Воображала - Светлана Тулина 10 стр.


Воображала сидит среди кучи разбросанных книг и мусора, по-турецки поджав ноги и оперевшись локтями на верхнюю из книг, сложенных столбиком перед ее острыми коленками. Подбородок ее лежит на стиснутых кулаках, брови нахмурены, глаза закрыты. Она грызет ноготь на указательном пальце, на Конти не обращает ни малейшего внимания, скорее всего - просто не замечает. Конти выходит так же тихо, как и зашел. Перед тем, как закрыть дверь, гасит свет.

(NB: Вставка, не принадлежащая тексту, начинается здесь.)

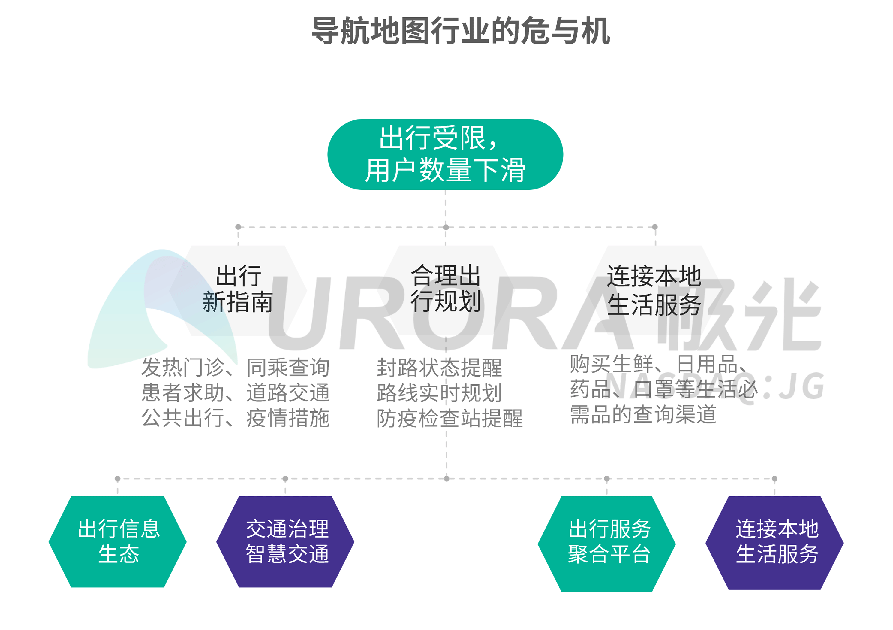 疫情之下,导航地图行业出现用户数量下滑的现象;作为用户日常出行规划和交通导航的应用,导航地图类app在特殊时期也火速上线疫情防控相关功能模块;危机中显现的作用正好体现了导航地图类app的价值内核,比如成为出行相关垂直领域的信息入口的作用,基于地理位置的生活服务连接,以及基于大数据分析的道路规划等方面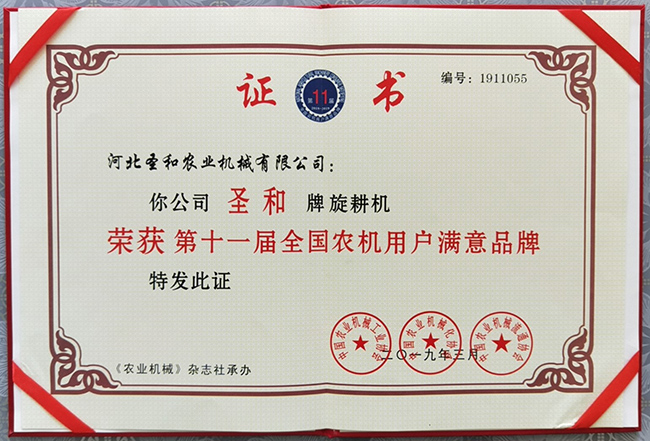 圣和旋耕機(jī)榮獲第十一屆滿意品牌證書

Теперь светящиеся ленточки мелькают на темном фоне, обстановки почти не видно, так, смутно, силуэтом - Воображала. Ее голова опускается все ниже, локоть правой руки соскальзывает с книги. Формулы и ленты продолжают мелькать, становятся тоньше, ярче, в их движении появляется ритм, зарождается музыка. Сначала она смутная, еле уловимая, но постепенно звучание усиливается, и хаотичные дрожания лент упорядочиваются все больше, синхронизируются, становятся похожими на танец. Музыка слышна все громче и отчетливей, постепенно в ней начинает угадываться победный бравурный марш. Формулы органично сплетаются с лентами, образуя плетенку длинного туннеля, камера, все убыстряя движение, скользит по нему. Вдали появляется светлое пятнышко, оно разгорается, становится ярче и больше, музыка все громче, и усиливается звон. Камера вылетает на ослепительно яркий свет - и все обрывается.

Без всякого там постепенного угасания - просто словно обрезали. Свет до нормального уровня пригашивается скачком, словно просто выключили слепящий прожектор.

Смена кадра

Сегодняшняя Воображала в белом халате у белой стены. Белая табличка на боксе. Красные цифры на ней - 13–26.

- Подождите! - кричит Воображала в затянутые белыми халатами спины. Говорит тише: - Я сделаю… Вот этого.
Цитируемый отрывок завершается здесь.